I have several fairly large XML files that represent data exported from a system that is to be used by a 3rd party vendor. I was chopping the results at 2,500 records for each XML file because the files become huge and unmanagable otherwise. However, the 3rd party vendor has asked me to combine all of these XML files into a single file. There are 78 of these XML files and they total over 700MB in size! Crazy, I know... so how would you go about combining these files to accomodate the vendor using C#? Hopefully there is a real efficient way to do this without reading in all of the files at once using LINQ :-)
views:
241answers:
2
+5
Q:
What is the most efficient way in C# to merge more than 2 xml files with the same schema together?
+4
A:
I'm going to go out on a limb here and assume that your xml looks something like:
<records>
<record>
<dataPoint1/>
<dataPoint2/>
</record>
</records>
If that's the case, I would open a file stream and write the <records>
part, then sequentially open each XML file and write all lines (except the first and last) to disk. That way you don't have huge strings in memory and it should all be very, very quick to code and run.

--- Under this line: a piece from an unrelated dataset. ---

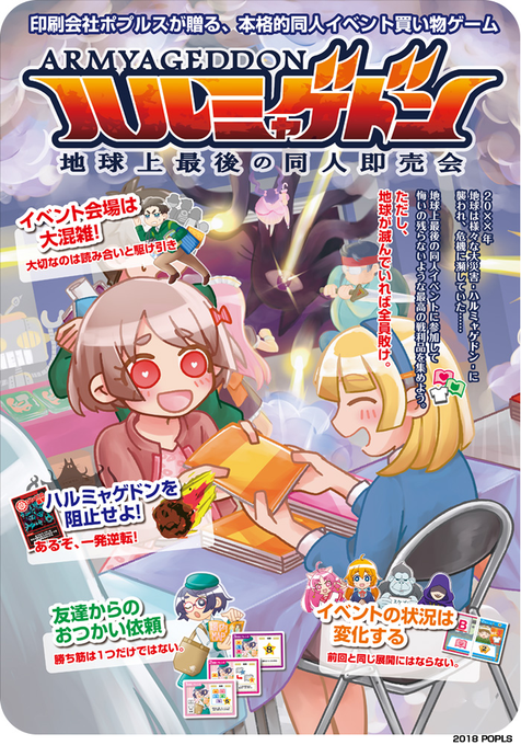 本日ポプルスオリジナルアナログゲーム特設ページに、新作ゲーム「ハルミャゲドン-地球上最後の同人即売会-」のページを追加しました!

public void ConsolidateFiles(List<String> files, string outputFile)
{
var output = new StreamWriter(File.Open(outputFile, FileMode.Create));
output.WriteLine("<records>");
foreach (var file in files)
{
var input = new StreamReader(File.Open(file, FileMode.Open));
string line;
while (!input.EndOfStream)
{
line = input.ReadLine();
if (!line.Contains("<records>") &&
!line.Contains("</records>"))
{
output.Write(line);
}
}
}
output.WriteLine("</records>");
}
JustLoren
2009-09-10 14:41:16
This will be the fastest way, but it is a little 'hacky'.
csharptest.net
2009-09-10 14:48:29
Agreed, 'hacky' at best :p The DataSet.Merge seems far more elegant, but I have no idea how memory-efficient that would be.
JustLoren
2009-09-10 15:05:50
I have the schema baked into each XML file, so this would get even more 'hacky'
Rob Packwood
2009-09-10 15:18:20
@Rob Packwood: My example used a match on a keyword (<records>), but you could simply read in the first X # of lines, assuming that your data always begins at a certain line #. ...Definitely hacky.
JustLoren
2009-09-10 15:28:13
+2
A:
Use DataSet.ReadXml()
, DataSet.Merge()
, and DataSet.WriteXml()
. Let the framework do the work for you.
Something like this:
public void Merge(List<string> xmlFiles, string outputFileName)
{
DataSet complete = new DataSet();
foreach (string xmlFile in xmlFiles)
{
XmlTextReader reader = new XmlTextReader(xmlFile);
DataSet current = new DataSet();
current.ReadXml(reader);
complete.Merge(current);
}
complete.WriteXml(outputFileName);
}
For further description and examples, take a look at this article from Microsoft.
Donut
2009-09-10 14:41:18
This was the original route I took. The problem was that the process ended up using over a gig of RAM!
Rob Packwood
2009-09-10 15:17:30